C'est à ce stade du projet, à l'issue de la deuxième rencontre, que la production des élèves a trouvé sa place. Après s'être approprié les poèmes et le recueil, les élèves étaient invités à écrire eux-mêmes un texte. Deux possibilités leur étaient offertes : ils pouvaient construire un poème nouveau en empruntant des vers à plusieurs poèmes de « PEAU », ce qui permettait de donner naissance à un autre texte, dans une recomposition qui change la perception des mots. Ils pouvaient aussi écrire un poème véritablement personnel, en partant toutefois d'un des titres utilisés dans le recueil. Il est à noter que certains élèves n'ont rien produit à ce moment-là. Cela n'a aucunement choqué Antoine Emaz, selon qui on ne peut forcer un jeune à s'improviser poète en quelques heures de travail. En revanche, cette confrontation à l'écriture a créé en quelque sorte un lien avec le début du projet et la question des représentations que l'on se fait d'un poète ; il est arrivé en effet qu'un élève pour qui un poète écrivait forcément en rimes, et qui avait été surpris du coup par la forme des poèmes de PEAU, juge qu'il était « facile » d'écrire sans versification. Confronté aux difficultés de l'écriture, même en vers libres, il a été dès lors conduit à revenir sur son jugement.

troisième rencontre : le livre, cet objet...


La troisième rencontre a eu lieu autour de la chaîne du livre et de l'édition, du livre d'artiste, du livre-objet.
Antoine Emaz a d'abord expliqué comment fonctionnait la chaîne du livre, de l'auteur au lecteur en passant par l'éditeur, l'imprimeur, le diffuseur, et le libraire. Le pourcentage du prix du livre qui revient à chacun des maillons de cette chaîne a vivement surpris certains élèves !
Ensuite, le poète a présenté le parcours de Djamel Meskache, à la fois éditeur et illustrateur du livre sur lequel nous avons travaillé.
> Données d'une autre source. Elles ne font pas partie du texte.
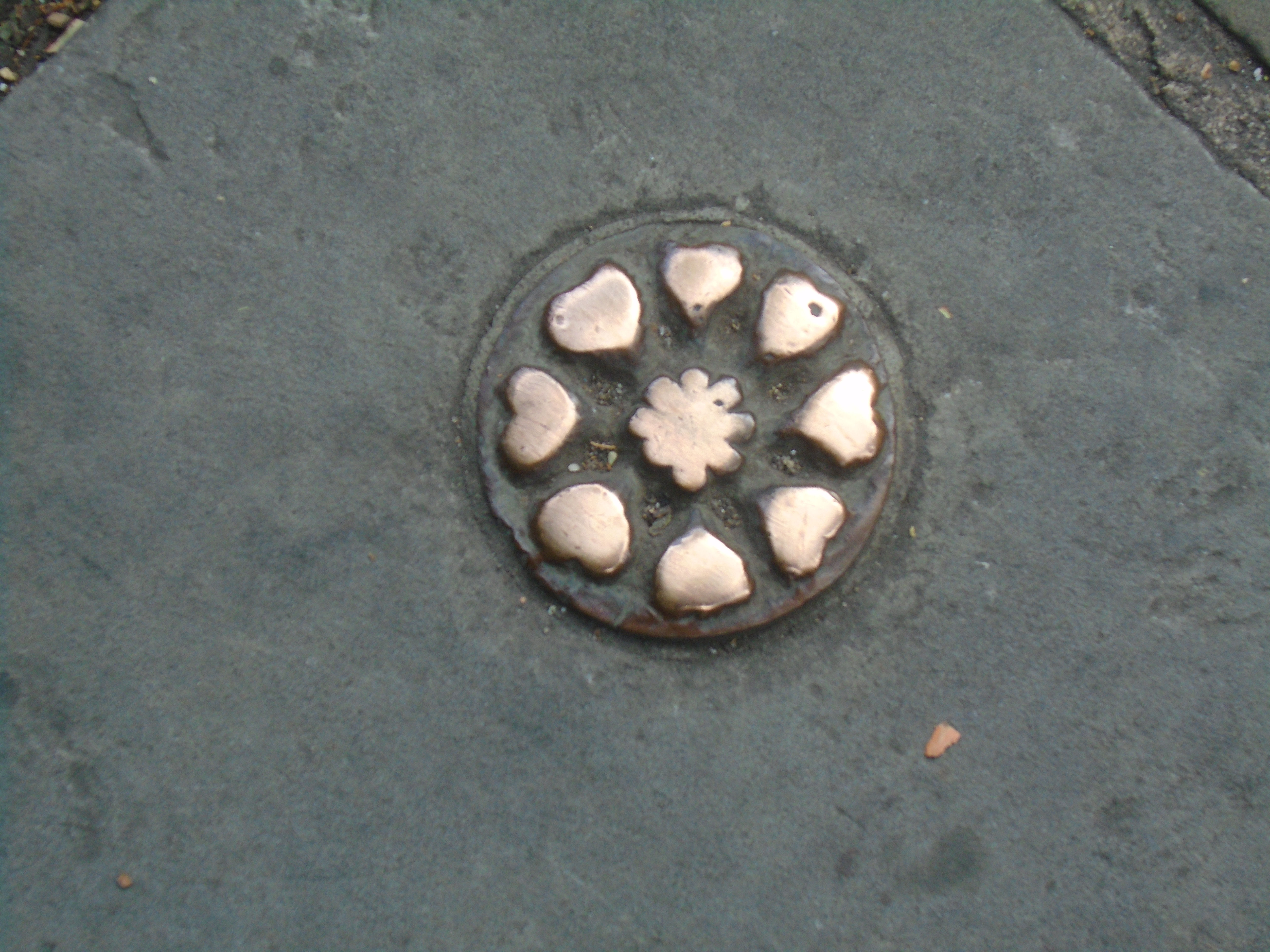 The entrance of the Downing Site is in Downing Street. Walk in and turn slightly towards your left. In the paving, you will see two human-sized foot prints (see right). Apparently this installation is a human figure buried up side down with only the soles of the feet showing. There is no information near-by about it, and you can walk right over it without seeing it if you're not careful. It is dated 2002, and it is called Earthbound: Plant. Here are some photos of it being installed, from here.

Cela a donné lieu à quelques questions sur le rapport entre les textes et les illustrations choisies.
Puis nous avons enchaîné sur la présentation de livres d'artistes, de livres différents, de livres objets que les élèves ont pu observer et manipuler. Pour cela, la documentaliste, qui a eu l'occasion d'assister plusieurs années de suite à un festival du livre d'artistes dans le centre de la France, avait apporté du matériel. Des livres, différents par leur format, leur reliure, l'organisation de leur pagination (livres à déplier...), ou encore leur apparence (par exemple, un livre en forme d'ardoise), ont suscité la curiosité des élèves. Ce passage par le visuel a notamment permis d'accrocher l'attention de certains parmi ceux qui étaient en difficulté de lecture.   
Enfin, la rencontre s'est conclue sur la possibilité, pour les élèves, de faire dédicacer leur volume par l'auteur, afin de garder un souvenir véritablement personnalisé de ce projet.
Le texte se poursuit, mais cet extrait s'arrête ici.